Closed Thread
Results 1 to 18 of 18

Thread: How do OS's keep track of what's on the screen?

  1. #1

    How do OS's keep track of what's on the screen?

    Windows is event driven - it sends events when the mouse enters a window or a control. There can be a couple hundred controls on the screen at once, so how does Windows know when to generate an event that holds what control the mouse is over?

    Does it just keep the X and Y coordinates of all the controls on the screen in some structure, and for EVERY mouse movement, iterate through that structure comparing the mouse position to the areas of all the controls?
    That seems like it would be CPU intensive.
    I assume Linux GUI operating systems are event driven and act in a similar way.

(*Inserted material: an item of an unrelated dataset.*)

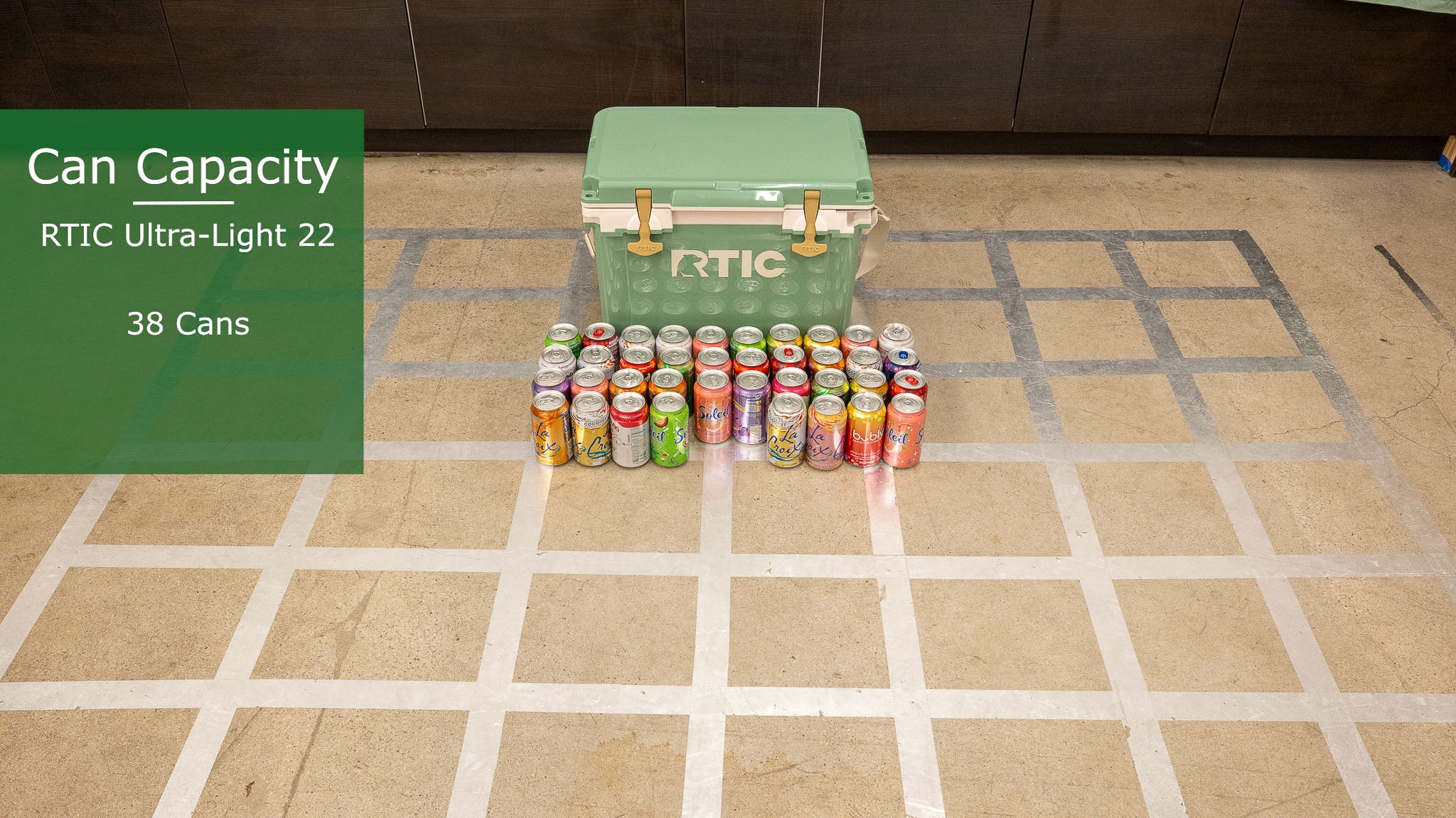 Although the RTIC Ultra-Light 22 doesn't have any handles molded into the cooler's body, there is enough of a lip on it to grab onto if necessary. We like the 2-in-1 carrying strap, which is made of a durable webbing material and features a neoprene handle for comfort. The strap is fully adjustable and can be shortened into a handle. RTIC claims the capacity of the Ultra-Light 22 can fit 30 cans. We had success fitting 38 12-ounce cans total, though this required a bit of Tetris. Its internal height of 12.5 inches can also accommodate a bottle of wine upright inside. It can fit up to eight wine bottles, making this cooler the life of the party. A nifty silicone net pocket on the lid's backside is great for small items. When the weekend is over and it's time to store the Ultra-Light 22, it keeps things simple with a convenient rectangular shape and small storage footprint.

    So how do GUI operating systems keep track of what's on the screen and generate events based on where the mouse cursor is?

  2. #2
    Cricetulus griseus leninus Communist Hamster's Avatar
    Posts
    3,023
    I don't know, but isn't it strange how, even though everything has crashed, the mouse will still be visible and moving?

  3. #3
    Quote Originally Posted by grazzhoppa View Post
    Windows is event driven - it sends events when the mouse enters a window or a control. There can be a couple hundred controls on the screen at once, so how does Windows know when to generate an event that holds what control the mouse is over?

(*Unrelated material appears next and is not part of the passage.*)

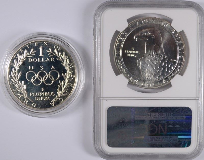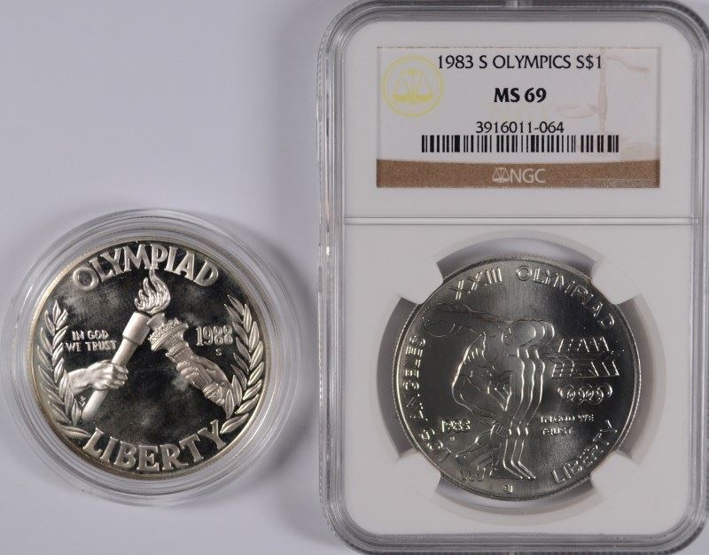 1983-S OLYMPIC SILVER DOLLAR, NGC MS-69 AND 1988 OLYMPIC SILVER DOLLAR COIN/CAP

    Does it just keep the X and Y coordinates of all the controls on the screen in some structure, and for EVERY mouse movement, iterate through that structure comparing the mouse position to the areas of all the controls?
    That seems like it would be CPU intensive.
    I assume Linux GUI operating systems are event driven and act in a similar way.

    So how do GUI operating systems keep track of what's on the screen and generate events based on where the mouse cursor is?
    magic?

  4. #4
    I believe thats pretty much it grazzhoppa, although there are extra things that occur to. For instance thre is Back buffering that occurs in regards to the video display where the system is constantly iterating any alterations that need to be drawn in memory before being written to screen.

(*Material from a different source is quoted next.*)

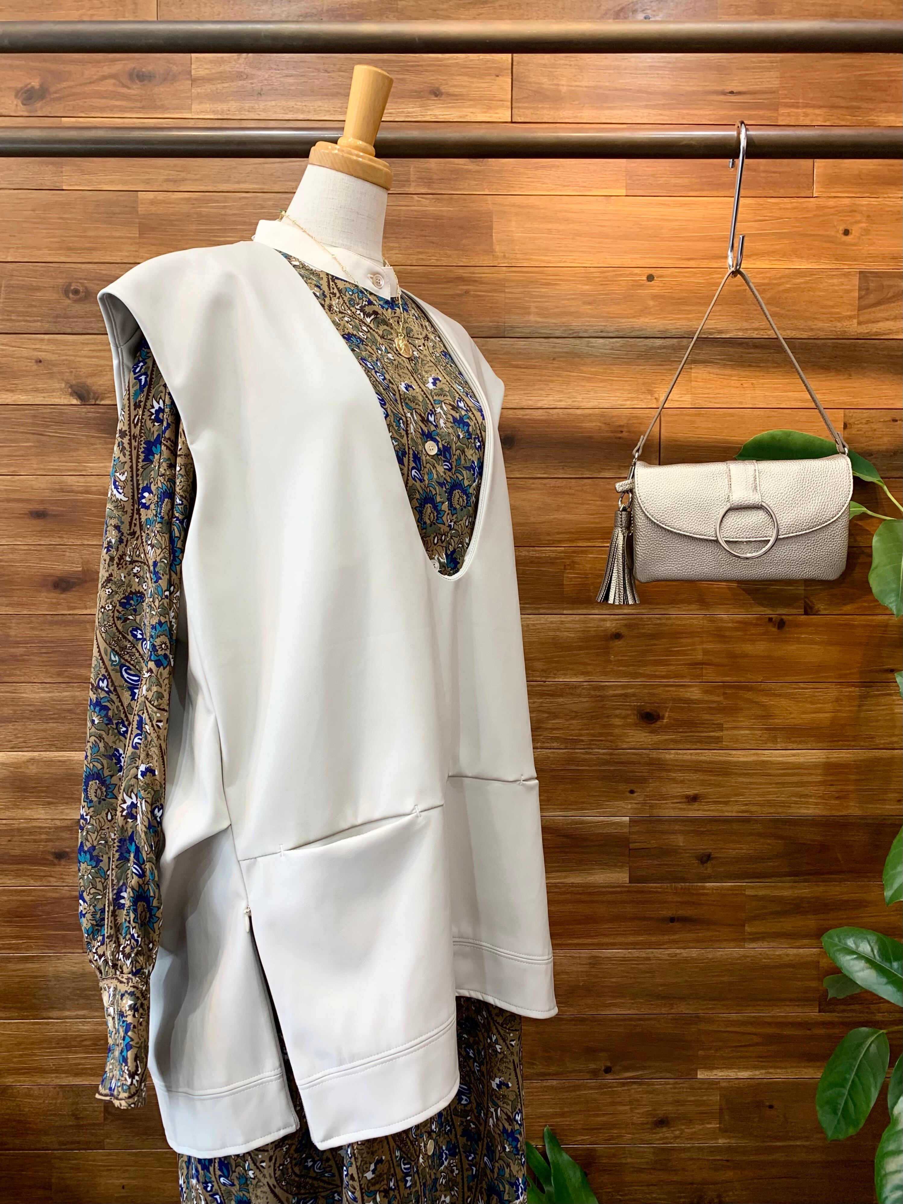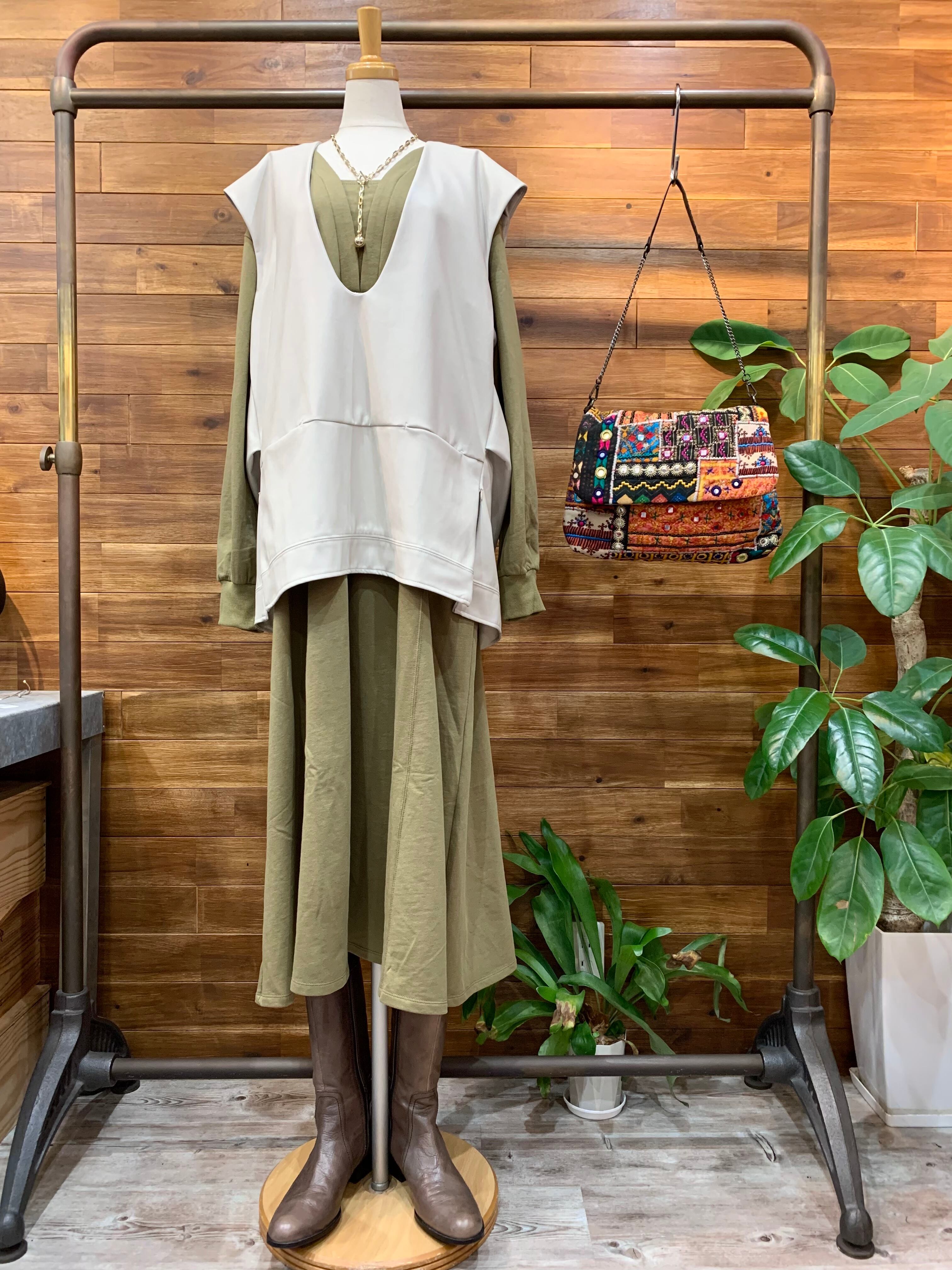ゆったりとしたシルエットに深めのVネックデザインで、カットソーやニットはもちろん、シャツやワンピースとのレイヤードもバランス良く決まります◎

    There is also the Matrix Mathematics used for dealing with iterations which does lessen the calculus and cost in resources.

    However GUI's are intensive and this is proven with some of the press released information on certain OS's having upto (and greater) a billion lines of code. This is also why when people complain about how buggy an OS is, they tend to overlook all the complexities that make it do what it does.

  5. #5
    Quote Originally Posted by grazzhoppa View Post
    Windows is event driven - it sends events when the mouse enters a window or a control. There can be a couple hundred controls on the screen at once, so how does Windows know when to generate an event that holds what control the mouse is over?

    Does it just keep the X and Y coordinates of all the controls on the screen in some structure, and for EVERY mouse movement, iterate through that structure comparing the mouse position to the areas of all the controls?
    That seems like it would be CPU intensive.
    I assume Linux GUI operating systems are event driven and act in a similar way.

    So how do GUI operating systems keep track of what's on the screen and generate events based on where the mouse cursor is?
    It isn't necessarily the OS that has to keep track of the mouse, but when the mouse is moved a message is sent to the OS, when the mouse is clicked then that message is sent to the OS, each control has a "protocol" or what you want to call it that handles these messages (controls like buttons, textboxes etc.), this is done in the background, but with a technique called "subclassing" you can replace the event handler into your own and thus make changes to the message before it reaches the control, or even decide to not deliver the message to the control at all, making for instance a button unclickable if you decide to not deliver the click event to the control.

    The events are controlled also in the programming language (of the program that has the control) so that a button has alot of events that you decide what will happen when they are triggered.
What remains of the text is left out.